Striking the countertop with her forehoof, the Dark Lord said, “I don’t want them, I want worrywort and a Hippoborean map. And you will provide them, willingly or otherwise.”

There was a pause, broken only by the popping, hissing sounds of the Mule’s discovery that the jarful of Princess Rupert’s Drops he had been investigating was more fragile than he had initially thought. Sassaflash and Odsin Ends both flinched at the sound, and Odsin briefly made the whimpering noise of a shopkeep who has just heard forty bits’ worth of merchandise explode into worthless glass fragments, but neither looked away from the other. Seconds passed in silence.

Odsin scowled.

Sassaflash narrowed her eyes.

And then, quite suddenly, Odsin Ends looked aside and muttered, “Hippoborean maps’re next to the pile of stuffed swordfish. Worrywort’s in the backroom, I’ll get it. That’ll be fifteen bits, plus forty for the Princess Rupe—“

Sassaflash glared.

“Like I was saying, that’ll be fifteen bits.”

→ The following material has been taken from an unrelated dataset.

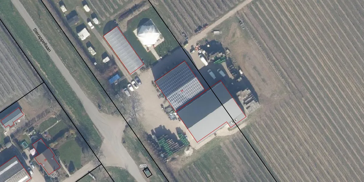 Het perceel waarop Sterappellaan 29 staat heeft een oppervlakte van 2,3 ha. Dit is een zeer groot perceel. De perceeloppervlakte wordt geregistreerd door het Kadaster. Gedetailleerde informatie over de maten van dit perceel kunt u vinden in het rapport Kadastrale kaart met maatvoering van Sterappellaan 29.
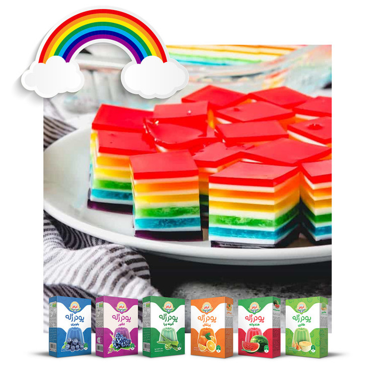 پودر ژله‌های رنگین کمان ایام - 90 گرم مجموعه 6 عددی

“Acceptable,” nodded the Dark Lord. “Mr. Mule, kindly look through the indicated stack and find a map showing northern Hippoborea. Two ‘P’s, yes. No ‘Y.’ There should be a large mountain, four-peaked, drawn somewhere in the center. That,” she continued, turning to the shopkeep as he came shuffling out from behind his curtain holding a sheaf of dried leaves wrapped in paper, “is poison oak, not worrywort.”

“My mistake,” growled Odsin. “I’ll just go correct that, shall I?”

“See that you d—that is wolfsbane.”

“Oops.”

The resentful merchant trudged back off to the shop’s storage vault, and at length there came a series of emphatic and somehow angry rustlings and clatterings as he searched for the right herb. Evidently, thought Sassaflash, he kept irritatants and deadly poisons closer to hoof than medicinal herbs. Not that she judged him for it; it was his business. And this was the Hollow Shades. A merchant had to know his customers, after all.

Hoofsteps sounded behind her, and turning she saw the Mule approaching with several yellowed maps, some rolled and some folded, clutched gingerly in his mouth. With a curt nod of thanks she extended one of her wings and cupped the proffered maps against her primaries, sorting through them with her forehoof. No, no, out of date by a few centuries in some places and a few millennia in others, covered in pink hearts and dominated by a garish depiction of Rudolph’s workshop, peculiar and unsettling odor, big blank space labeled “Here there be wendigos”—hardly any use, as she knew that already—Ah. Odsin’s background muttering grew suddenly louder, signaling his imminent return, and the lemon-maned pegasus smiled and laid one of the maps down on the counter, while the Mule shuffled off to put the others back where he’d found them.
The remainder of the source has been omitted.